ソウル・インタビュー

「だめな自分」「情けない自分」「みじめな自分」……そのすべてを包み込むものこそ。

 

 

「ワクワクは、本来の自分に気付く入り口にすぎなかった」
コーチとして15年以上活動している赤木広紀さんが、自身の体験から辿りついた「本来の自分」とは?

その核心が語られるインタビュー、後編です。

 

**********

―赤木さんも、そういう心境に?

 

何度か陥りました。うまくいかない状況になったときに、これまで見ようとしてこなかった自分に出会ってしまったんです。

だめな自分、情けない自分、みじめな自分、怠け者の自分……。そんな蓋をして押し殺してきた自分に、まさに直面してしまう。「成長」「向上心」「ポジティブ思考」といった言葉を信じて仕事に励み、周囲の評価も得てきたので、そんなネガティブな自分が許せないんですね。

だから、なおさら見たくない。そして自分をバッシングし続けて、さらに苦しくなって……。

でも、そのまま落ち込んでいるわけにもいかないので、歩み続ける覚悟を決めたんです。そして、見捨ててきた自分を真っ正面から受け止めてみたんですね。

すると、良い自分とか、だめな自分とかいうものはなく、すべては単なるひとつの資質にすぎないということが分かったんです。そこにレッテルを貼っていただけだったと。

 

―ひとつの資質?

 

そうです。例えるなら、資質は空に浮かぶ雲のようなものですね。空にはうろこ雲もあれば、入道雲もある。もちろん真っ黒な雨雲だってあります。なのに、それまでの自分は真っ白にまぶしく輝く雲だけを受け入れ、そうでない雲を嫌悪していたんですね。

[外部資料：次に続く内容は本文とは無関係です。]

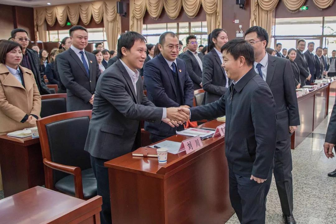 張巖松廳長(zhǎng)與省農(nóng)擔(dān)公司優(yōu)秀員工親切握手
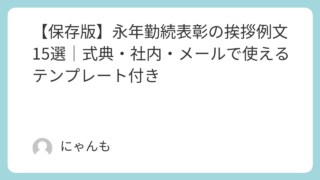 挨拶例文 【保存版】永年勤続表彰の挨拶例文15選|式典・社内・メールで使えるテンプレート付き 永年勤続表彰の挨拶例文15選。式典・社内・メール・英語・感動フレーズ、NG例と改善、準備マナー、記念品のお礼、心構え、表彰後の接し方、当日準備チェックリストまで網羅した究極保存版。 2025.10.02 挨拶例文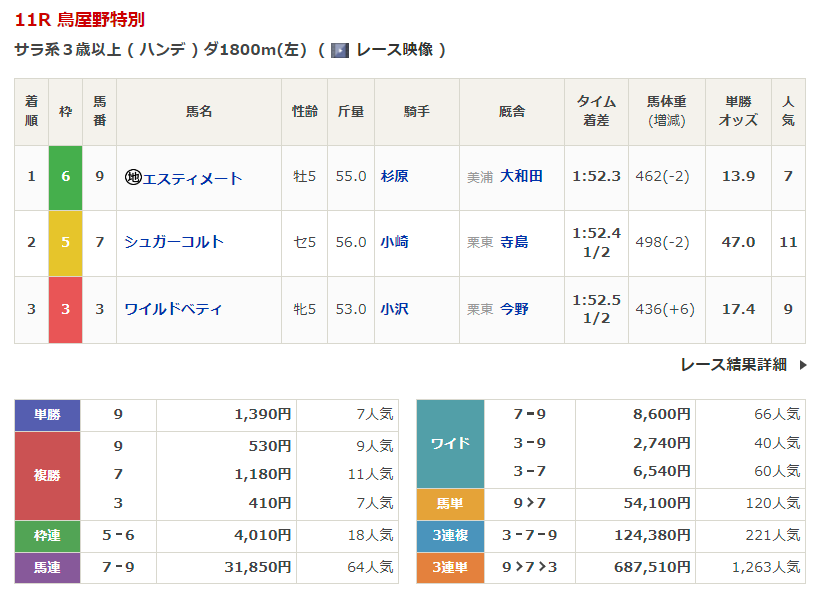 ◎シュガーコルト(11人気)2着 複勝1,180円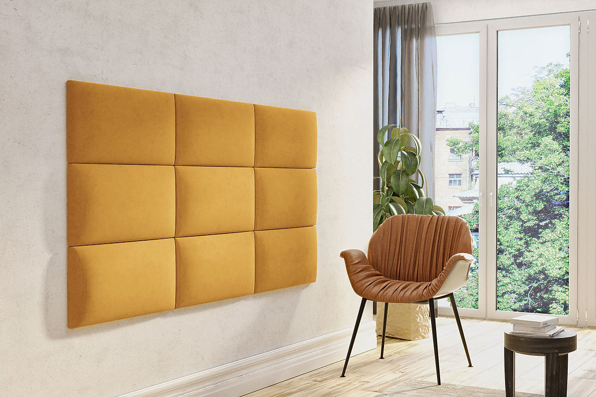 Tapicerowane panele Klasik w kolorze musztardowym są dostępne w trzech różnych rozmiarach: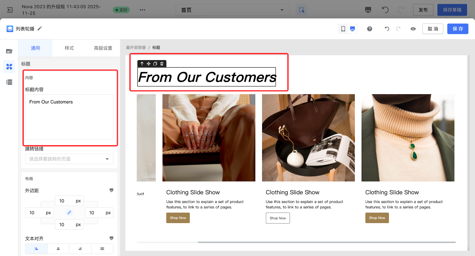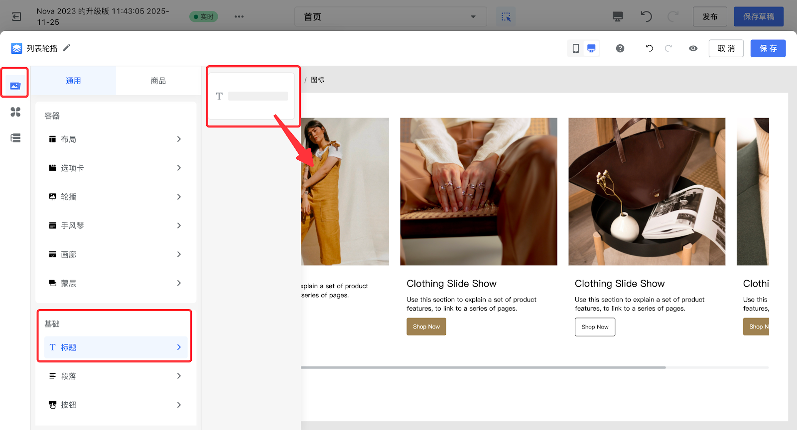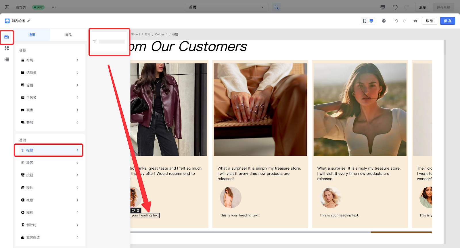 2. 在通用 > 基础 > 标题,将标题组件拖入卡片上方,为该板块配置一个标题,向客户说明此部分是买家秀展示。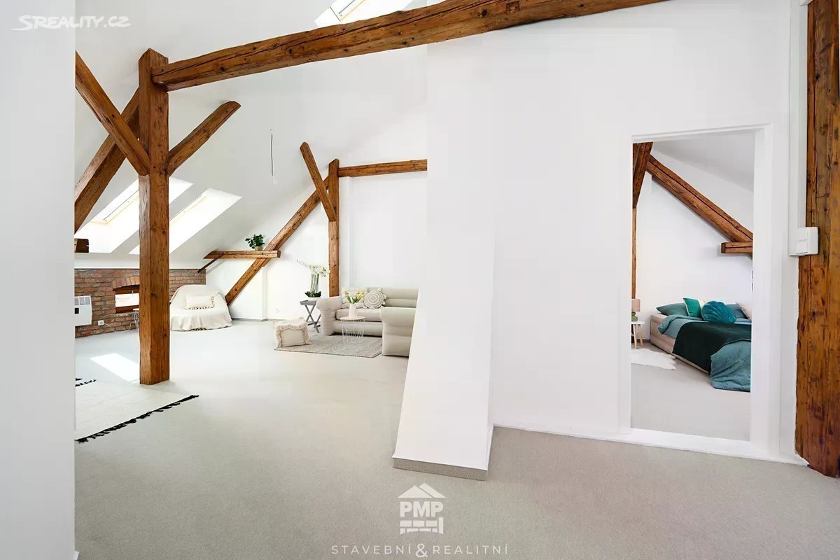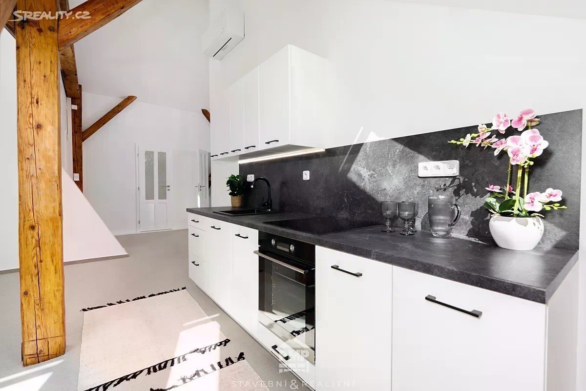 Nabízíme Vám k pronájmu zrekonstruovanou bytovou jednotku v ulici Havlíčkova. Podkrovní byt o dispozici 2+kk se nachází ve 4. NP bytového domu v památkové zóně města Znojma. Celková užitná plocha bytu činí 69 m². Byt nabízí dostatek prostoru jak pro jednotlivce, mladý pár, tak i pro rodinu. Vysoké stropy dodávají pocit vzdušnosti a prostoru, přiznané trámy a cihly zase pocit útulnosti. Byt je vybaven novou moderní kuchyňskou linkou s vestavěnou troubou a varnou deskou. V koupelně se nachází sprchový kout, umyvadlo, toaleta a prostor k umístění pračky. Prostorná ložnice je orientována do klidného vnitrobloku. Vytápění je v tomto bytě řešené prostřednictvím elektrických přímotopů. Výhodou jsou také dvě klimatizační jednotky, které ochlazují v horkých letních dnech a přitápí v zimě. Energetická náročnost budovy: třída D. Výměry místností: předsíň - 8,80 m², obývací pokoj + kk - 31 m², ložnice - 18,20 m², koupelna - 6,20 m², šatna - 4,80 m². Nájemné činí 12.000,- Kč měsíčně + náklady na energie 3.800,- Kč (záloha na elektřinu - 3.000,- Kč, záloha na vodné/stočné - 800,- Kč). Vratná kauce činí 30.000,- Kč + provize RK. Znojmo je moravské město v okrese Znojmo a obec s rozšířenou působností v Jihomoravském kraji na levém břehu řeky Dyje. Je druhým největším městem Jihomoravského kraje a historickým centrem jihozápadní Moravy. Město s královskou pověstí a impozantní polohou je zároveň centrem Znojemské vinařské podoblasti. Historické jádro s četnými kostely si zachovalo renesanční styl - je plné křivolakých uliček, romantických vyhlídek a půvabných zákoutí.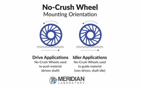 Applications in which material is being driven/fed by a No-Crush Wheel are mounted opposite from applications in which the No-Crush Wheel is idling. This is done so that the spokes of the Zero-Crush Wheels best allow for compression while they are coming in contact with the materials they are driving or idling.
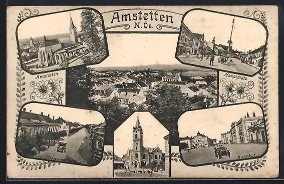 AK Amstetten, Hauptplatz, Bahnhof, Klosterkirche, Wienerstrasse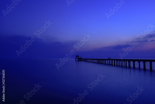 © 25221501, Fototapeta premium Beautiful Wood bridge Twilight Sunset at Sea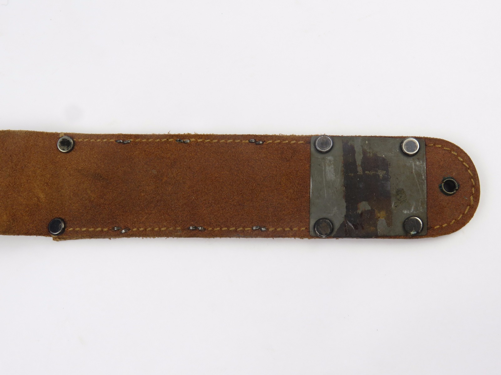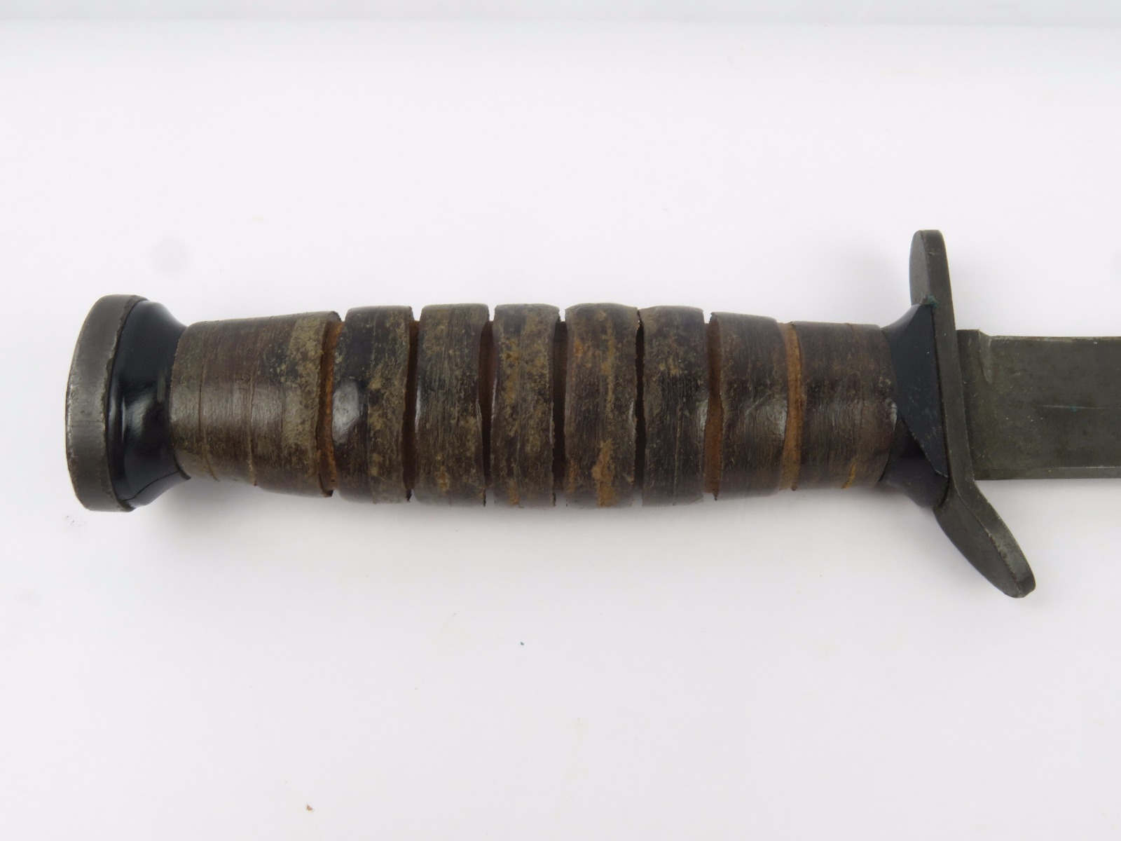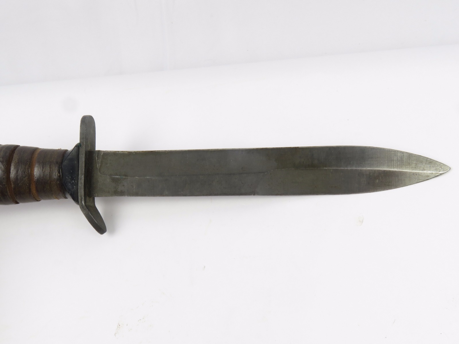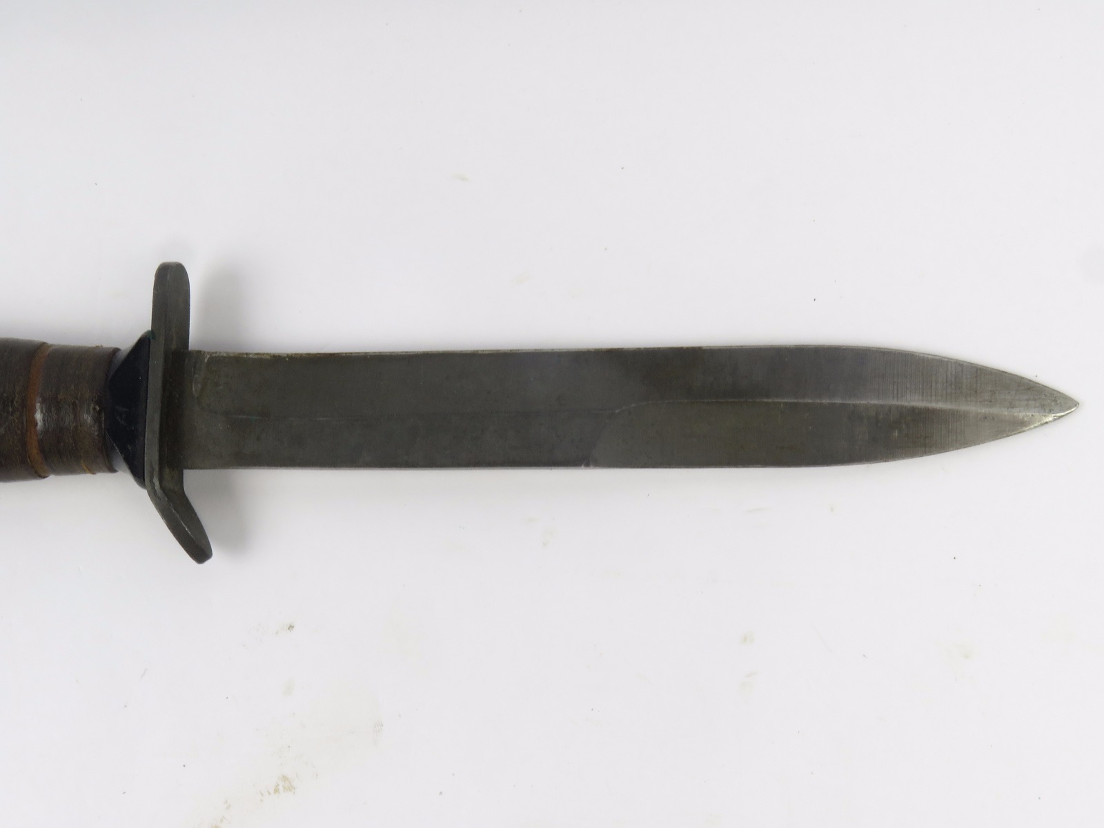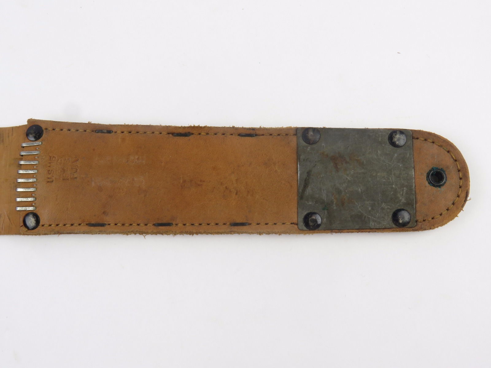 10/25/17 – This is an original WW2 production USM3 fighting knife with an original M6 leather scabbard. The M3 knife is maker stamped by Imperial and dated 1943 on the blade. This is the early, more scarce variation of blade dated knives known as the “first run” of production. The blade is in excellent condition with only minor surface wear. The handle is also excellent, and has black spacers on either side (another rare early feature). The rear spacer does have one hairline crack, but otherwise the spacers are excellent. The blade comes in a beautiful leather M6 scabbard that is maker stamped “L&C” as well as dated 1943. Guaranteed all original and authentic.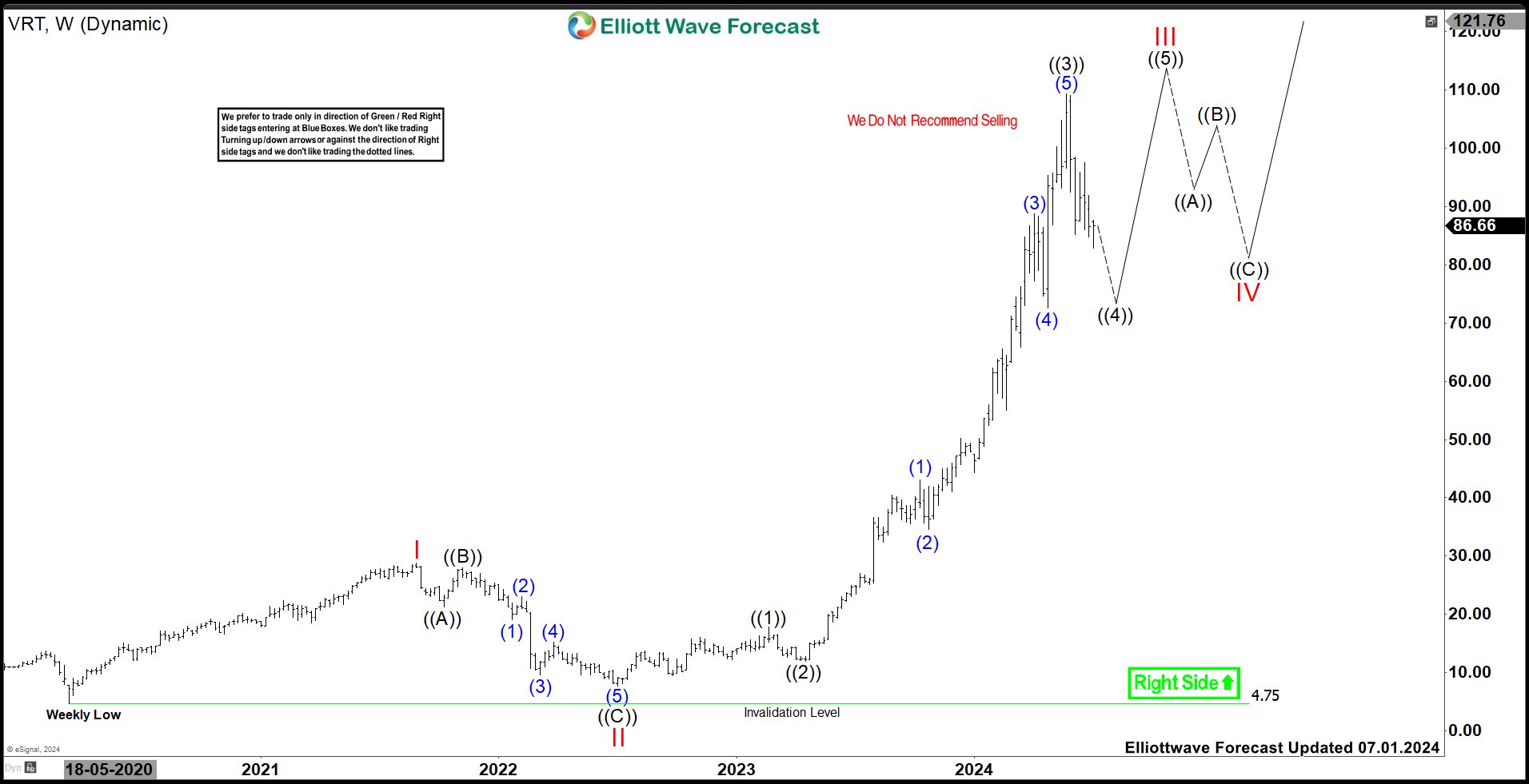 In Weekly sequence, VRT favors upside in III of (I) as impulse Elliott wave sequence since all time low of $4.75. Currently, it favors corrective pullback in ((4)) towards $73.40 – $58.38 area against April-2023 low before it should resume higher.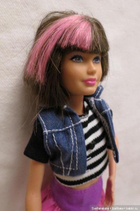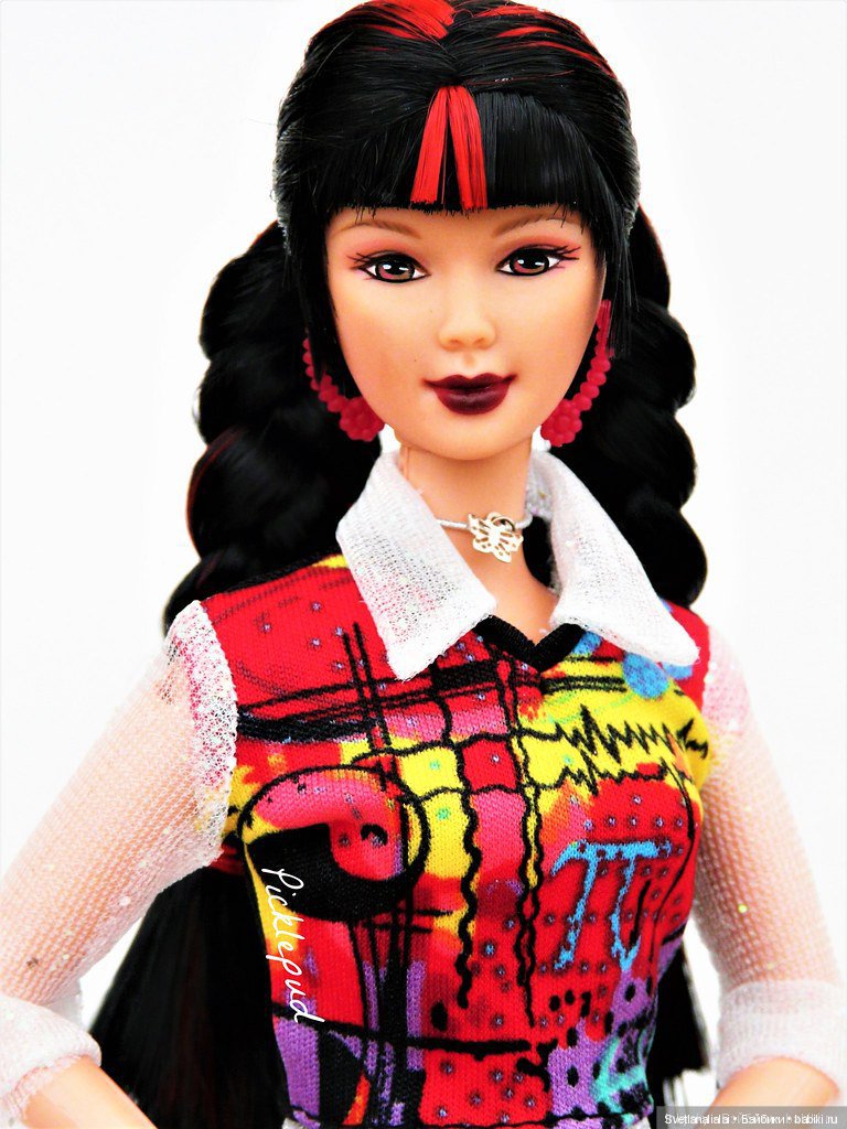 Посмотрите ему девушку из мира барби- подростков (не знаю как выразиться, те, что поменьше традиционных Барби) можно попробовать азиатку с яркими прядями в волосах или блондинку конфетную, тогда будут смотреться.

でも、本当は良いも悪いもない。雲は、単なる雲に過ぎないですから。ワクワクも、情熱も、みじめさも、情けなさも、どんな形の雲もすべて包み込んでいる空そのものこそ、「本来の自分」だと気付いたんです。

 

―つまり、雲そのものに価値はないと。

 

いえ、そういうことではないんです。資質にはそれぞれ大切な価値があります。ただ、それが自分の全てではないということなんですね。例えば、虚無感にさえ価値があるんです。

僕はかつて、コーチングで目標達成することが虚しくなった時期がありました。目標達成は単にエゴの欲求を満たすだけで、クライアントを真の幸福には導けないと感じて。

しかしエゴを否定するということは、生きる意欲を否定するに等しい。すると何のためにコーチングをしているのか分からなくなり、3年近く強い虚無感の中で苦しみました。虚無と一体化していたんですね。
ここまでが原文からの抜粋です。